→ **THE PROBLEM**
Using the data below, restate exactly every line from the one with "商品相册:漫步者(EDIFIER)【数码多年度推荐】AIRPULSE A100 立体声有源书架音箱2.0" up to and including the one with "日本海から届く松葉ガニを、し". No picture belongs in it.

→ **GIVEN ENTRIES**
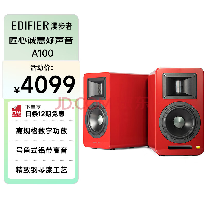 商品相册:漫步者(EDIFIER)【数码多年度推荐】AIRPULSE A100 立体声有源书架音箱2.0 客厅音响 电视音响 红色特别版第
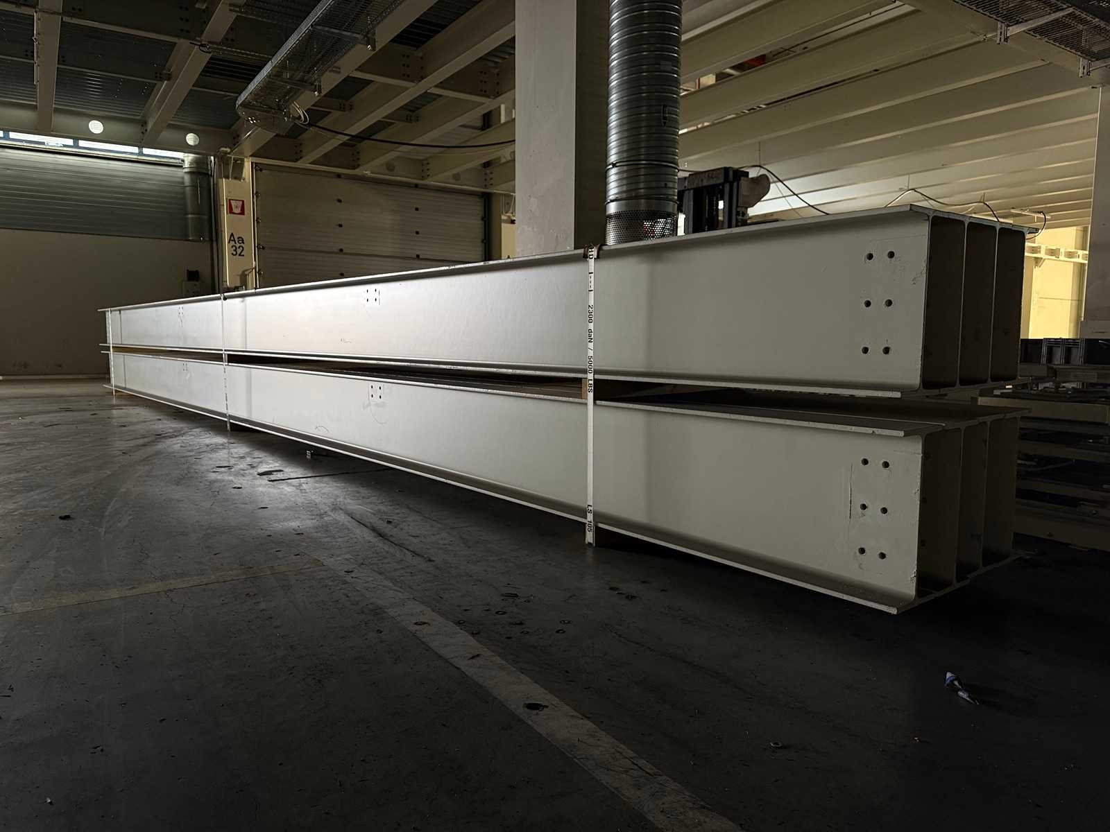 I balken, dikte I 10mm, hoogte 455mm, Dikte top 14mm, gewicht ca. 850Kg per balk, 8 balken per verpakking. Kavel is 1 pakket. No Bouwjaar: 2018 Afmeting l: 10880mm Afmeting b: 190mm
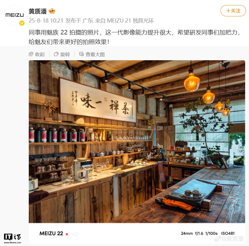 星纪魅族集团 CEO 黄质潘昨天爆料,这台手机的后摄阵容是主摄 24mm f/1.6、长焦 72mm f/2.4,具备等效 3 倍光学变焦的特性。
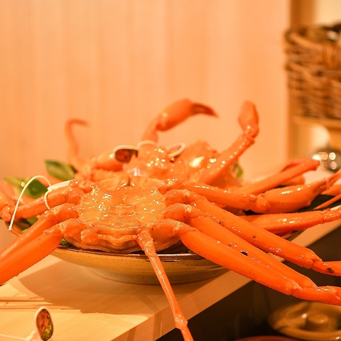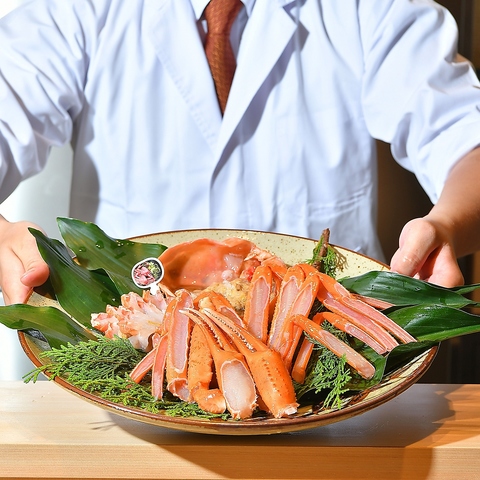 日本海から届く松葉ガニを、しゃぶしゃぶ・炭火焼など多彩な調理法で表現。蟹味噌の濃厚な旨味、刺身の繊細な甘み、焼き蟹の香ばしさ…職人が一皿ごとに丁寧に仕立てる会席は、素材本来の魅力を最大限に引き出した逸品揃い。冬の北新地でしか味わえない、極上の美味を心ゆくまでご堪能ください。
* * *
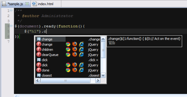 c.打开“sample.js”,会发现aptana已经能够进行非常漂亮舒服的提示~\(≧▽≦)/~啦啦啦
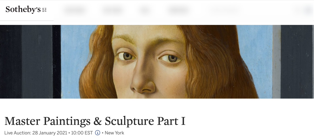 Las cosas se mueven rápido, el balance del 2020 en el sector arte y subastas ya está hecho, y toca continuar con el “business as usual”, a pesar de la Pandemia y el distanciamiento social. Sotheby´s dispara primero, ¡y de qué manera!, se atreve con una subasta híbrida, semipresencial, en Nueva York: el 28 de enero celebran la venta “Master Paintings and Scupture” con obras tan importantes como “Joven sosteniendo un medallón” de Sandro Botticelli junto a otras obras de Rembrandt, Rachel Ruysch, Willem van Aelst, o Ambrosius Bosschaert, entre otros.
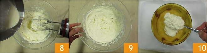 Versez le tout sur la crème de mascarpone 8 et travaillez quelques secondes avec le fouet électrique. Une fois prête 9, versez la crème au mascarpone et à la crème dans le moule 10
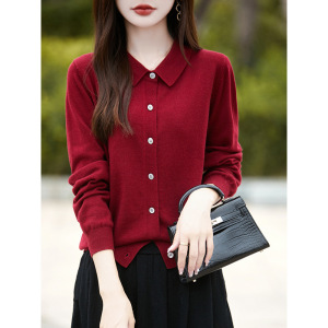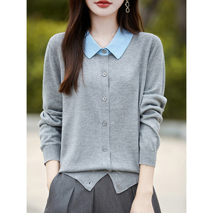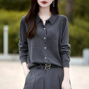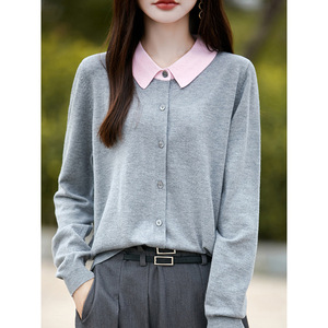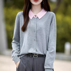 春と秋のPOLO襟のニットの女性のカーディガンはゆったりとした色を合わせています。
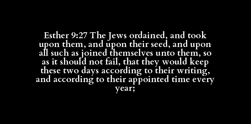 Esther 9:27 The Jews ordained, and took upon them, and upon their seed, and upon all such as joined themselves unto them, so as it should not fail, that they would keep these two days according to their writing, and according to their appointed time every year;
...
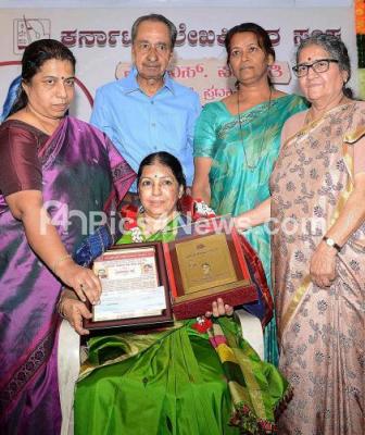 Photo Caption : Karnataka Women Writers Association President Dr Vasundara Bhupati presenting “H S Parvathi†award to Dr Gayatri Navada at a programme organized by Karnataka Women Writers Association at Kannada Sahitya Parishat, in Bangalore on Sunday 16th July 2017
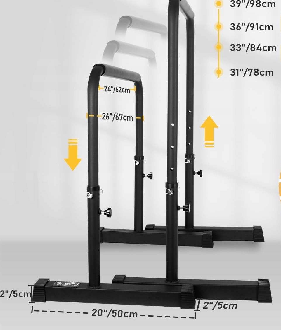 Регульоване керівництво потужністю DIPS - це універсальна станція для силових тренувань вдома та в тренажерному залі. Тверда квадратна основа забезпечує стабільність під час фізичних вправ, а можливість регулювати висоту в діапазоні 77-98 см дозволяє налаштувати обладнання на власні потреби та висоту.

→ **ANSWER BOX**
 商品相册:漫步者(EDIFIER)【数码多年度推荐】AIRPULSE A100 立体声有源书架音箱2.0 客厅音响 电视音响 红色特别版第
 I balken, dikte I 10mm, hoogte 455mm, Dikte top 14mm, gewicht ca. 850Kg per balk, 8 balken per verpakking. Kavel is 1 pakket. No Bouwjaar: 2018 Afmeting l: 10880mm Afmeting b: 190mm
 星纪魅族集团 CEO 黄质潘昨天爆料,这台手机的后摄阵容是主摄 24mm f/1.6、长焦 72mm f/2.4,具备等效 3 倍光学变焦的特性。
 日本海から届く松葉ガニを、しゃぶしゃぶ・炭火焼など多彩な調理法で表現。蟹味噌の濃厚な旨味、刺身の繊細な甘み、焼き蟹の香ばしさ…職人が一皿ごとに丁寧に仕立てる会席は、素材本来の魅力を最大限に引き出した逸品揃い。冬の北新地でしか味わえない、極上の美味を心ゆくまでご堪能ください。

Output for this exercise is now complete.